Your assignment. Each line from the one with "Our Combat Blazer" through the last line of the material is to be printed exactly; no other line and no picture belongs in the copy.

Source data.
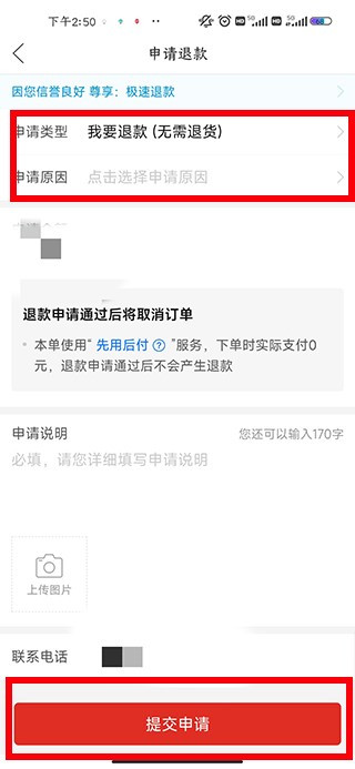 在申请售后中填写情况和申请理由,最后点击提交申请即可取消订单
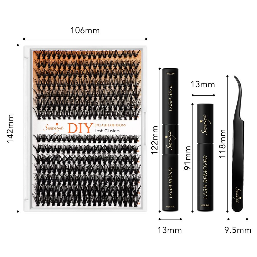 Alcance as extensões de cílios de aparência profissional com nossos kits de aglomerados de cílios DIY! O kit inclui cílios de cacho 50d+60d D em um perfeito 10-16 mix, dando a você uma aparência natural e volumosa. Fácil de usar e adequado para todos os níveis de habilidade, este kit é essencial para qualquer entusiasta dos cílios.
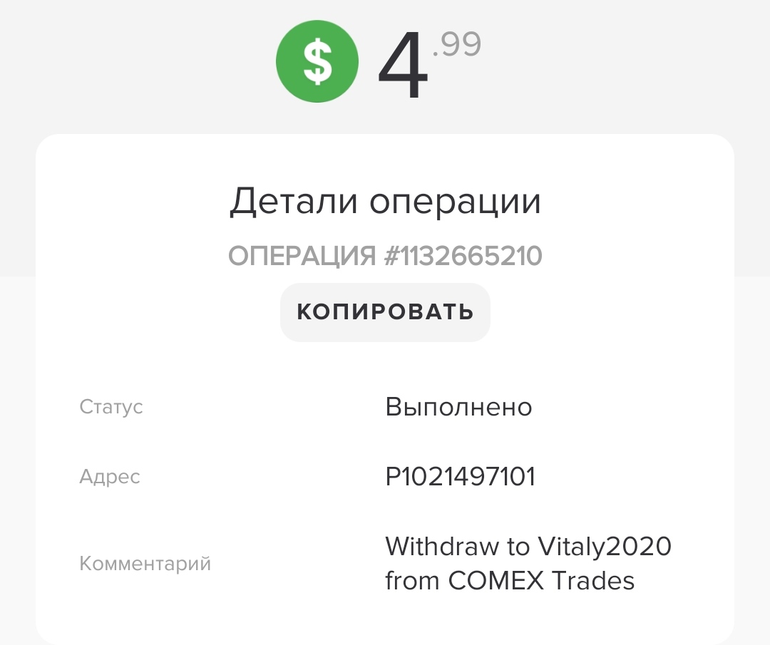 COMEX TRADES LIMITED +0.21 63.35 Received Payment 0.21 USD from account U20560304. Memo: API Payment. Withdraw to covboi from COMEX Trades.
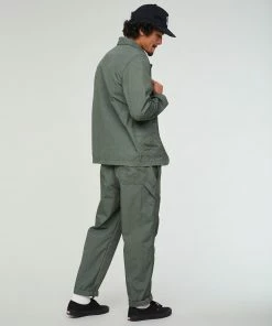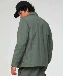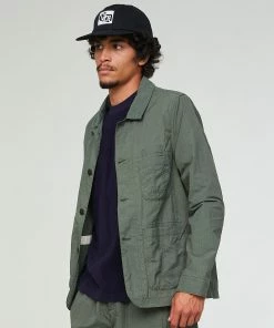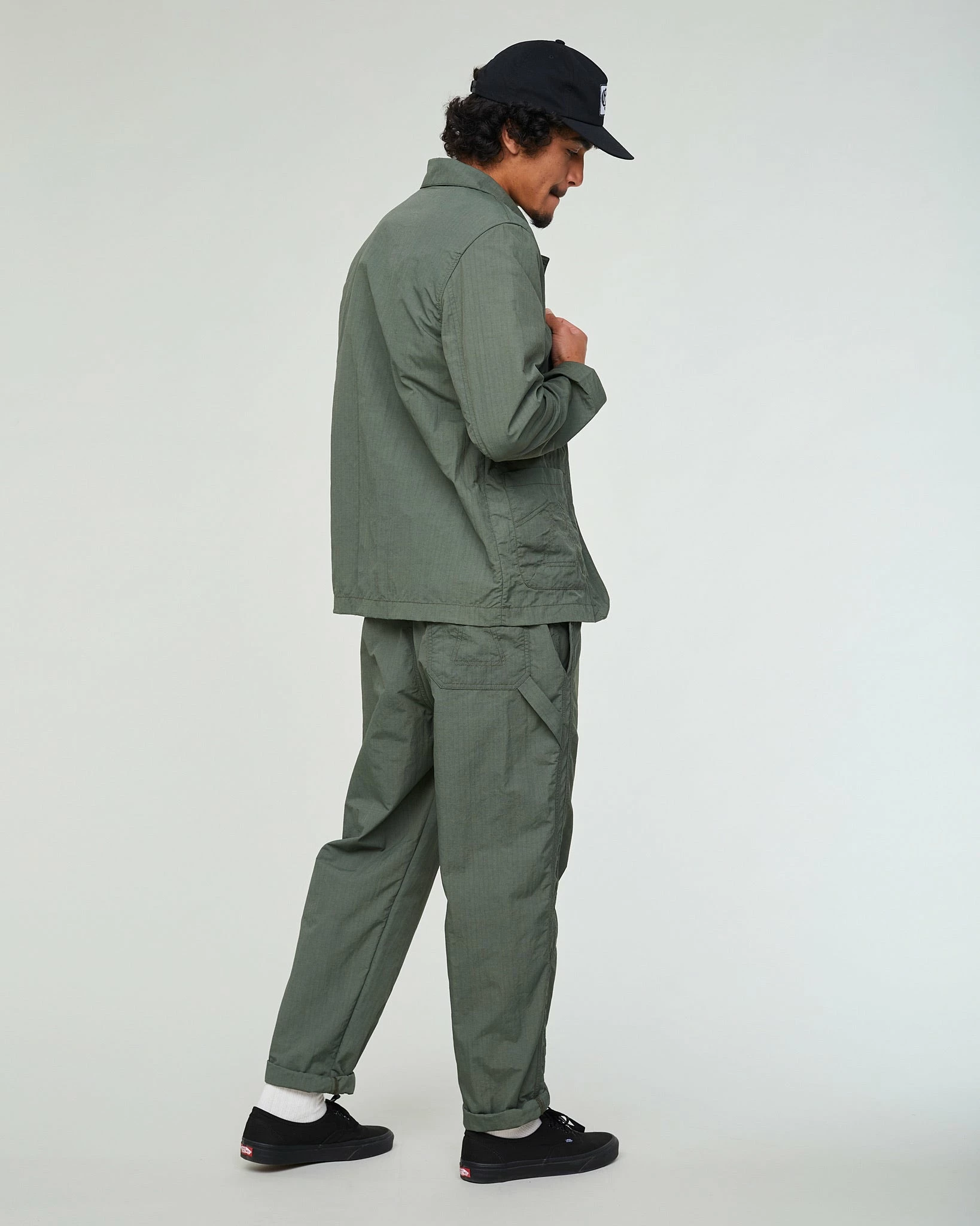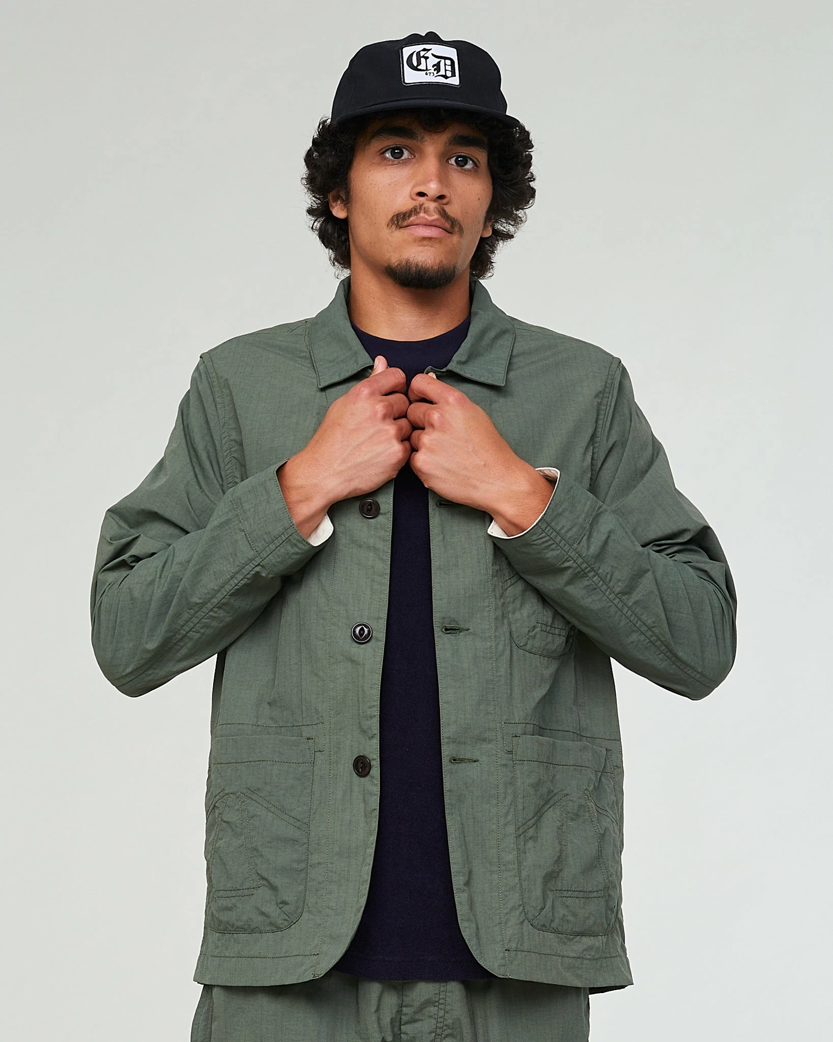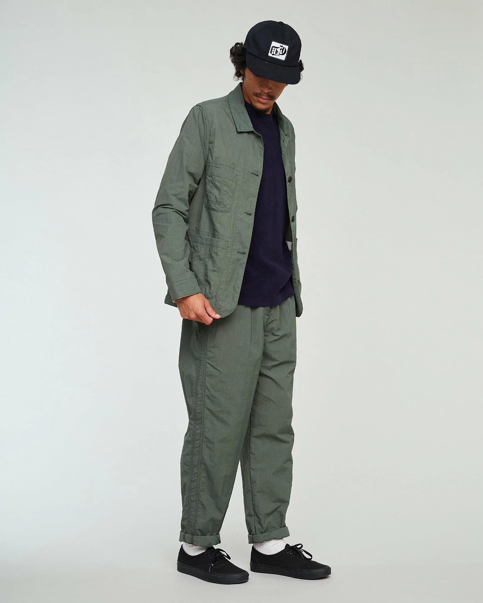 Our Combat Blazer is a loose fitting worker jacket, that can be worn as a blazer as well, as it’s cut on the same length. Made from a rip-stop nylon, featuring 2 large and reinforced hip pockets with tonal Z-bar stitching, and a double chest pocket. All finished with signature Eat Dust corozo buttons.Â
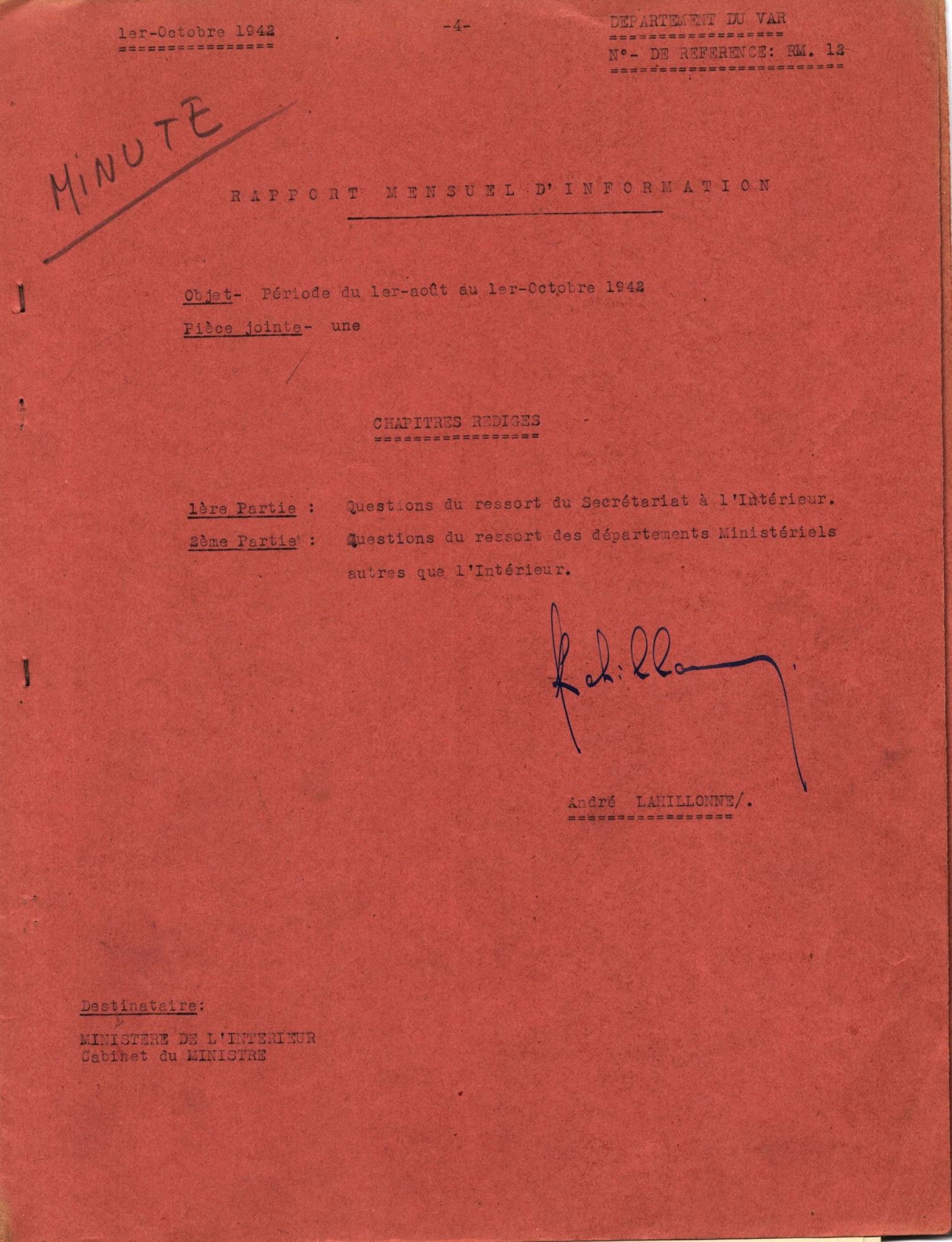 Rapport du préfet du Var au ministre de l'Intérieur sur la situation morale du département du Var en août et septembre 1942 Rapport du préfet du Var au ministre de l'Intérieur sur la situation morale du département du Var en août et septembre 1942 45

Task response.
 Our Combat Blazer is a loose fitting worker jacket, that can be worn as a blazer as well, as it’s cut on the same length. Made from a rip-stop nylon, featuring 2 large and reinforced hip pockets with tonal Z-bar stitching, and a double chest pocket. All finished with signature Eat Dust corozo buttons.Â
 Rapport du préfet du Var au ministre de l'Intérieur sur la situation morale du département du Var en août et septembre 1942 Rapport du préfet du Var au ministre de l'Intérieur sur la situation morale du département du Var en août et septembre 1942 45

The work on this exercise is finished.